Evolution trumps Outlook for Exchange?

I just took a new job, and my new school uses Microsoft Exchange for email, so Thunderbird is out as an option (yes, I’ve tried to read about how to use Thunderbird for Microsoft Exchange—all the instructions are too complicated or incomplete). The computer I got for work was supposedly configured to check Exchange using Outlook, but it didn’t work. I was able to check the web version of Outlook Exchange, but I couldn’t check my email using regular Microsoft Outlook. I kept being prompted for my password, being told Outlook was offline (with no opportunity for me to put it back online), and being unable to launch Outlook and fix it after the errors appeared (I’d just be kicked out of Outlook completely after all the error messages disappeared).

It’s entirely possible that the official tech support might have figured it out for me come Monday, but I spent the weekend trying to figure it out on my own… because I’m just that way. Eventually, through a lot of Google searching of error messages, trial and error, and registry editing; I managed to get Outlook and Microsoft Exchange to play nice with each other. It took me about three hours spread out over two days.

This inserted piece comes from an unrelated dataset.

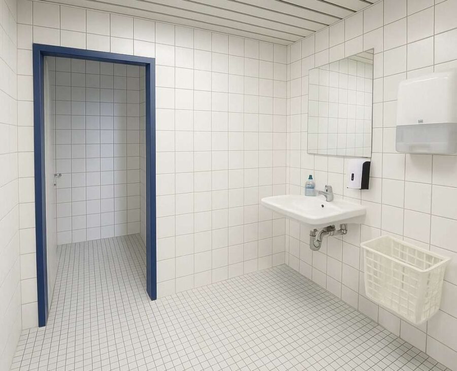 Zudem vorhanden sind vom Hausflur aus zugängliche Sanitäranlagen, die gemeinsam mit der gegenüber liegenden Büroeinheit genutzt werden.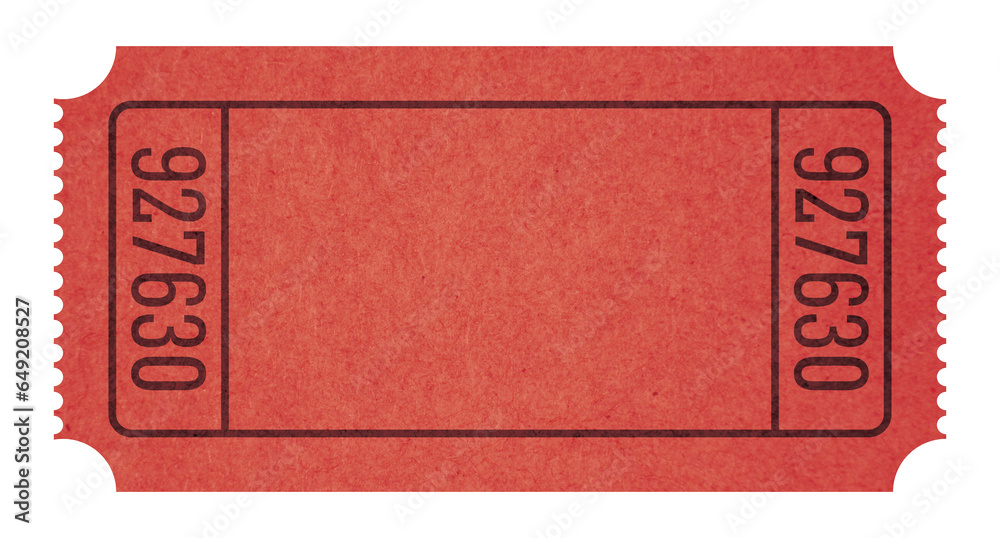 Fotografi Vintage paper red blank ticket isolated on transparent background

The truly odd thing, though: the Microsoft Exchange email worked perfectly with no fuss when I configured it in Evolution on Ubuntu. No error messages. No extra tweaking. It just worked. How weird is that? (By the way, part of my attempts to get an email client in Windows working with Microsoft Exchange included trying to use a Windows port of Evolution, but that didn’t work out.) I guess I just assumed that since Microsoft created Microsoft Exchange and also Microsoft Outlook that the two would be a cinch to work out with each other. I also thought that maybe Evolution (being a Free application primarily for Linux) would have a hard time working with Microsoft Exchange (a non-Free application designed to work with Windows).